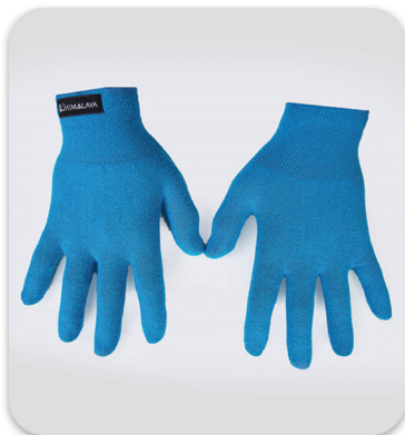
Code : 443
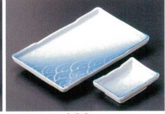
167-07-4A3 660円 1941138023 吹さざ波7.0長角皿 (19.3×12.3×2.5H) 167-08-4A3 230円 1941138025 吹さざ波長角小皿 (9×6.2×2.7H)
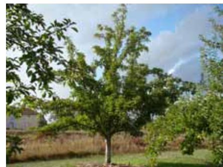
L'effet du brottrunk : un feuillage très vert tout au long de l'année. Photo 12 octobre 2012.

ons testé les purins de prêle, ortie et fougère fabriqués par J.C.I. Chevillard à Angers ( www.j3c-agri.com ). La biodiversité microbiologique est aussi proposée par une autre société la SOBAC avec un amendement le bactériol pour les sols et le bactériolite pour les litières animales. Composés de matières d'origine végétale et minérales compostées, ces amendements organiques et produits litières, renferment un noyau de micro-organismes prélevés sur différents sols Aveyronnais. Ils agissent en améliorant la structure et la fertilité des sols. Nous n'avons pas encore utilisé cet amendement dont l'action semble se rapprocher de celle du BRF en accéléré ( www.bacteriosol-sobac.com ). Existe en jardinerie sous le nom de bacteriosol jardin (50 à 100 g/pieds).
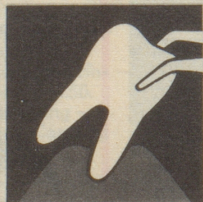
Ist das Zahnfleisch krank, so bildet es sich zurück – immer mehr. Endstufe – Zahnausfall!
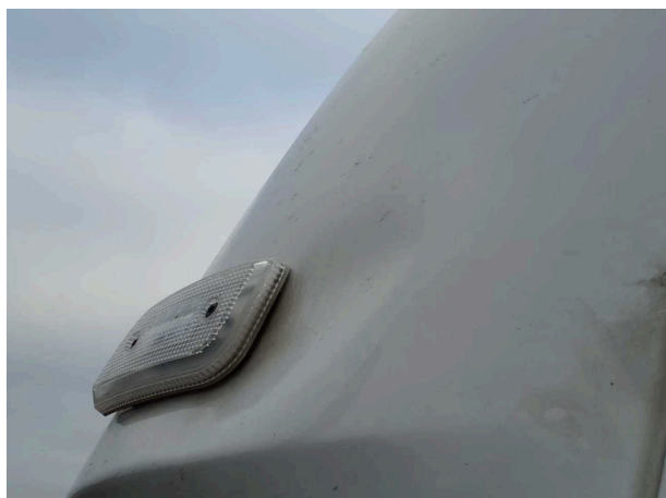
Beschädigung 3: Fahrzeugdach: Dach - Delle(n) - Smart Repair
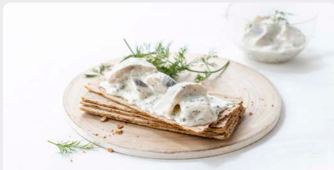
HARINGSALADE TARTAAR SALADE DE HARENG TARTARE
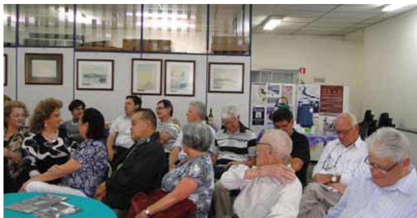
Conversas de Memória
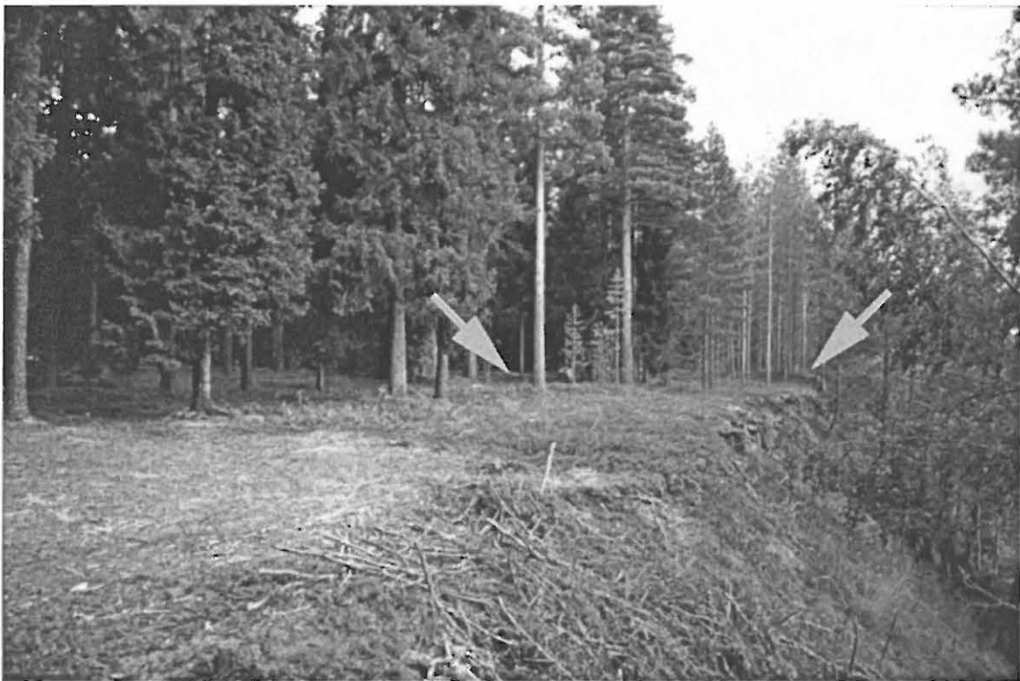
Kuva 2. Muhos Muhoskylä Pyhäkoski 4. Asuinpainannekohteen sijainti jokitörmän suhteen. Asuinpainanne 1 etualalla, asuinpaikkakuoppa 2 takaoikealla. Kuvaussuunta 50/360°.
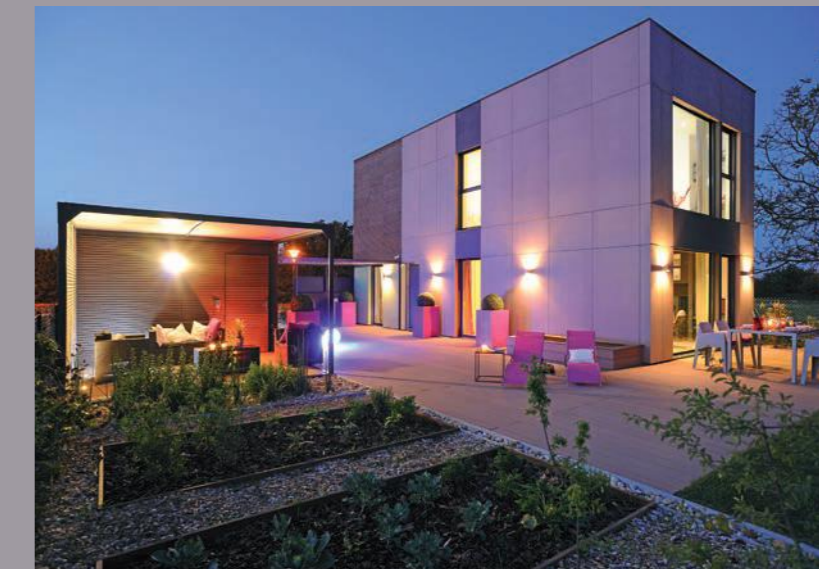
Musterhaus Modulife (Frankreich) - Wände und Decken von CLIPSO Durchführung: Unternehmensgruppe MCP, MODULIFE-Technologie - Foto Erick Saillet

RM_C-DocConstomod - Allemand - Ed. 12/2012 - Photos : Shutterstock - Conception et Réalisation : Service Marketing & Communication de CLIPSO - Délicat Imprimé Vert
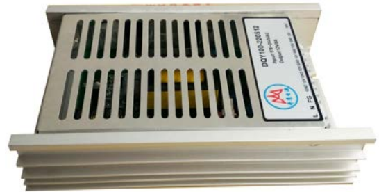
图 1-3 电源实物图
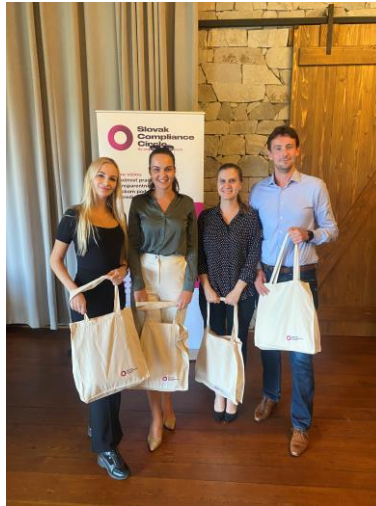
Víťazi záverečného kvízu Winners of the final quiz
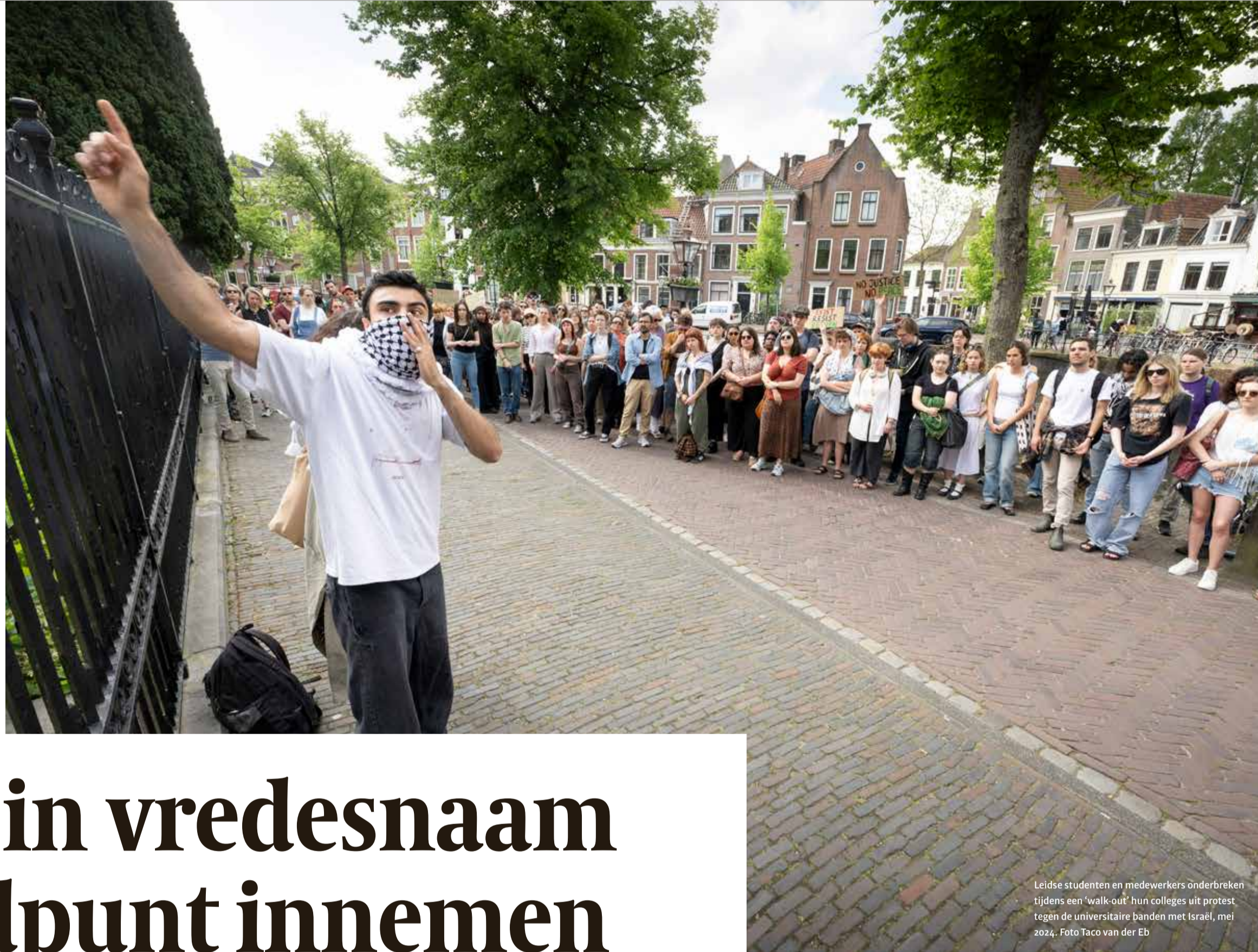
Leidse studenten en medewerkers onderbreken tijdens een 'walk-out' hun colleges uit protest tegen de universitaire banden met Israël, mei 2024.

Past de academie werkelijk nog langer een onpartijdige blik als het over Gaza gaat? Laten we ons niet verstoppen achter de vermeende heiligheid van academische vrijheid, betoogt Geert-Jan Kroes .
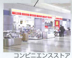
コンビニエンスストア
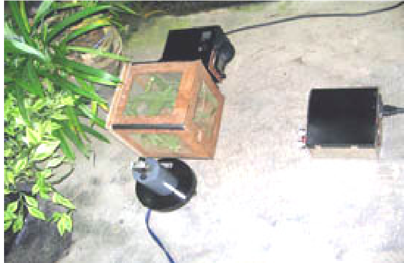
Kotak Sampel Belalang Kembara, Kamera, Transduser Penerima Gelombang Ultrasonik Dan Alat Pembangkit Gelombang Ultrasonik serta Faktor Penghambat/Tanaman
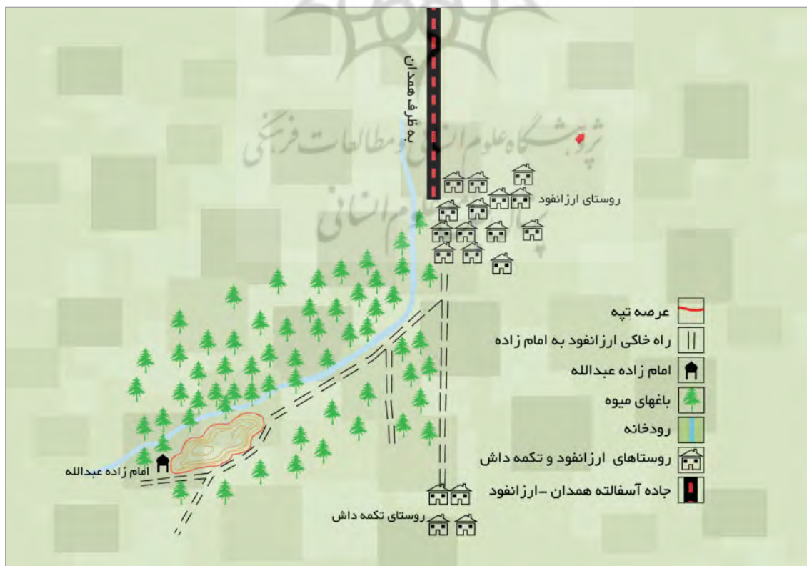
تصویر ۳. موقعیت قرارگیری محوطه نسبت به رودخانه واقع در مجاورت غربی مجموعه آثار معماری دست‌کند (نگارندگان)

حلقه چاه‌های یادشده در بالا از طریق کانال‌هایی (کوره) با همدیگر مرتبط می‌شوند. این کانال‌ها دارای ارتفاع ۹۰ تا ۱۳۰ سانتیمتر و عرض ۵۰ تا ۷۰ سانتیمتر است. کانال دارای سقفی قوس‌دار و کفی تقریباً مسطح است. در دیواره کانال اثرات کلنگ به خوبی مشهود است. لازم به ذکر است که در دیواره این کانال‌ها حفره‌هایی مشهود است که به نظر می‌رسد در زمان کندن و ایجاد کانال محل قرار دادن پیه‌سوز
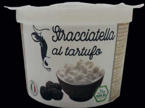
Stracciatella di vacca tartufata
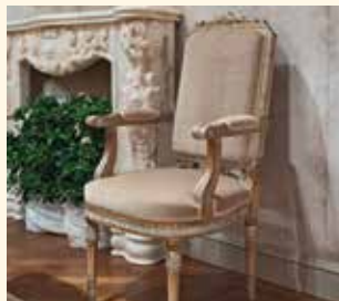
Art. 138P Poltroncina/Armchair cm 59 x 64 x 115 Pag: 41
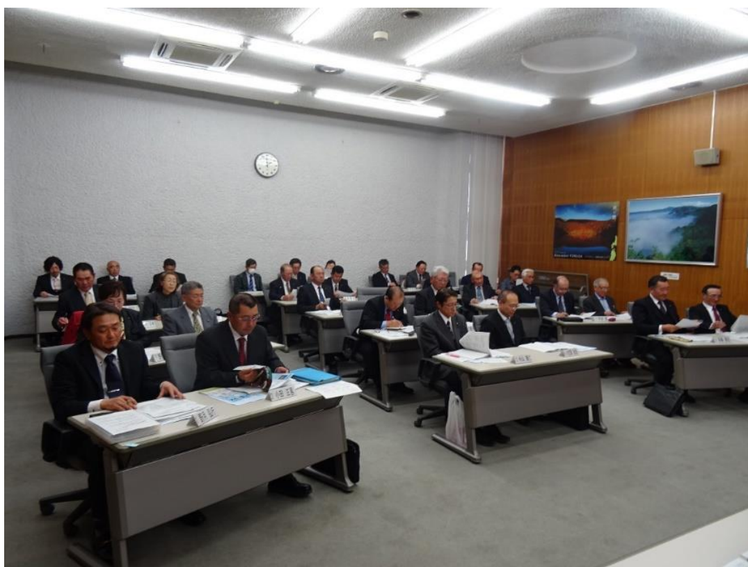
農業委員会総会（市役所議会会議室）平成30年4月18日
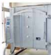
▲焼成室(3階)旧みなと荘から移設しました
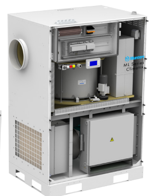
Серия ML с системой управления Climatix

◆ ◆ ◆ ◆ ◆

The lines from the beginning of the listing above through the line holding "L'effet du brottrunk" are to be duplicated exactly, and the pictures omitted.

Code : 443
167-07-4A3 660円 1941138023 吹さざ波7.0長角皿 (19.3×12.3×2.5H) 167-08-4A3 230円 1941138025 吹さざ波長角小皿 (9×6.2×2.7H)
L'effet du brottrunk : un feuillage très vert tout au long de l'année. Photo 12 octobre 2012.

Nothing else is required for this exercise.